Browner's EPA has also turned a blind eye to discrimination and racist conduct by some of its favored contractors. A notorious example is the case of the Foster/Wheeler company, a New Jersey-based construction firm that has enjoyed numerous EPA contracts despite persistent complaints of sexual harassment and systemic racism inside the company. In January, a federal court levied a $1.3 million judgment against Foster/Wheeler in a class action suit brought by 100 black employees working out of the company's Chicago office.

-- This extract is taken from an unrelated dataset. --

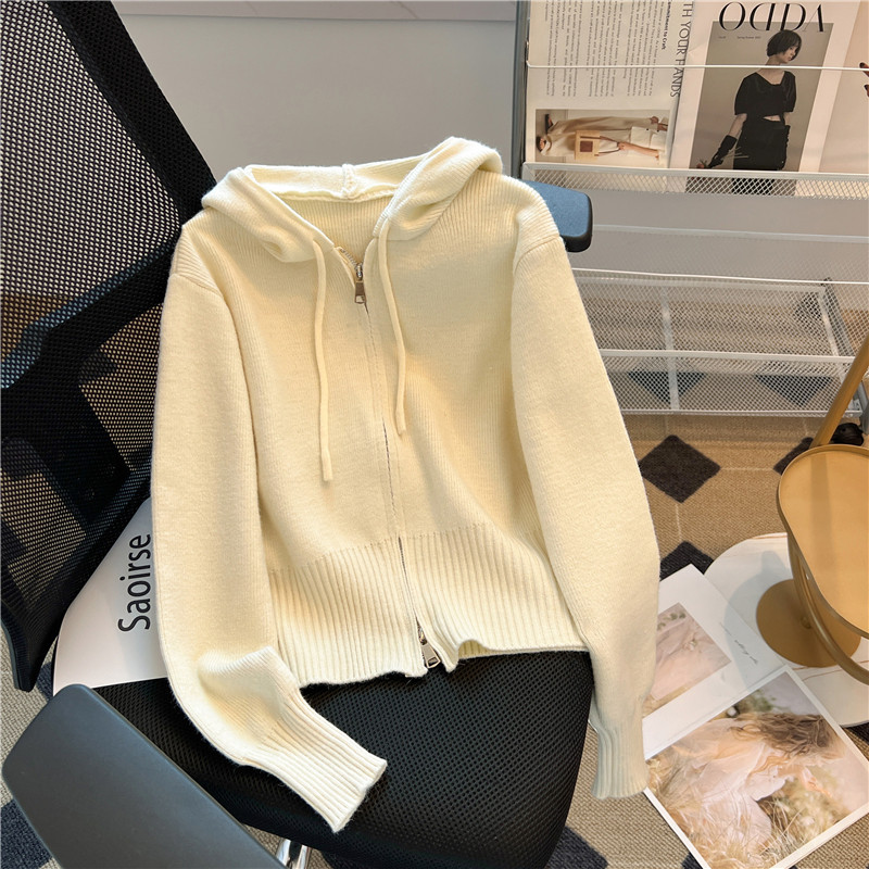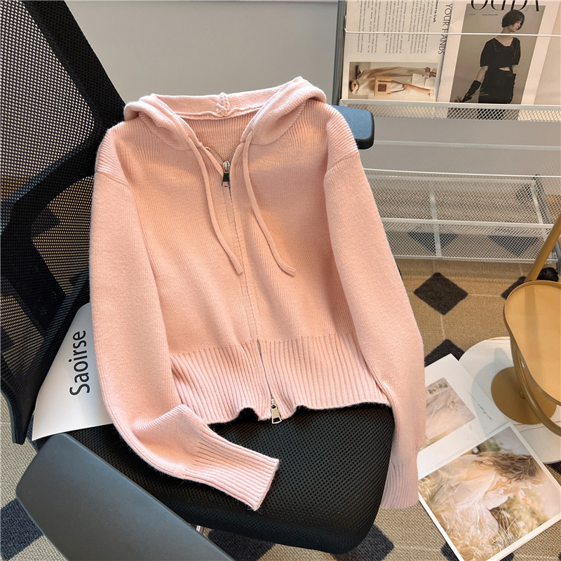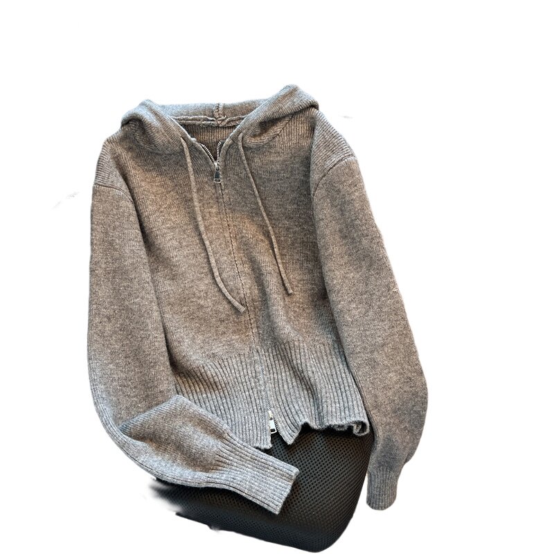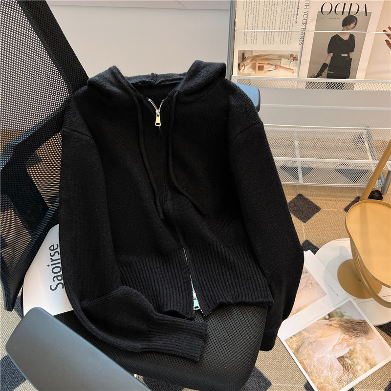 Трикотажная осенняя толстовка с капюшоном, кардиган, куртка, свитер с молнией, лонгслив, свободный крой

This August another Foster/Wheeler employee, Terrence Townsend, filed suit against the firm, alleging racial discrimination at an EPA contract site in Stratford, Connecticut. Townsend says that black employees of Foster/Wheeler are "given heavier workloads, more undesirable assignments, and paid far less than our white counterparts." After Townsend complained to company officials about these discriminatory practices, a white co-worker handed him a hangman's noose and told him, "This noose is for you if you get out of hand." Townsend also said he was forced to use a portable toilet at the EPA site which was covered with Ku Klux Klan graffiti. Townsend said he interpreted the noose and the KKK graffiti as warnings that he would suffer personal injury if he stayed with the company. He soon quit and now works as a technical specialist at GZA GeoEnvironmental in Newton, Massachusetts. "Working at that site put a lot of stress on me," Townsend says. "It's hard to believe that this kind of discrimination still happens, especially on a government-contracted site."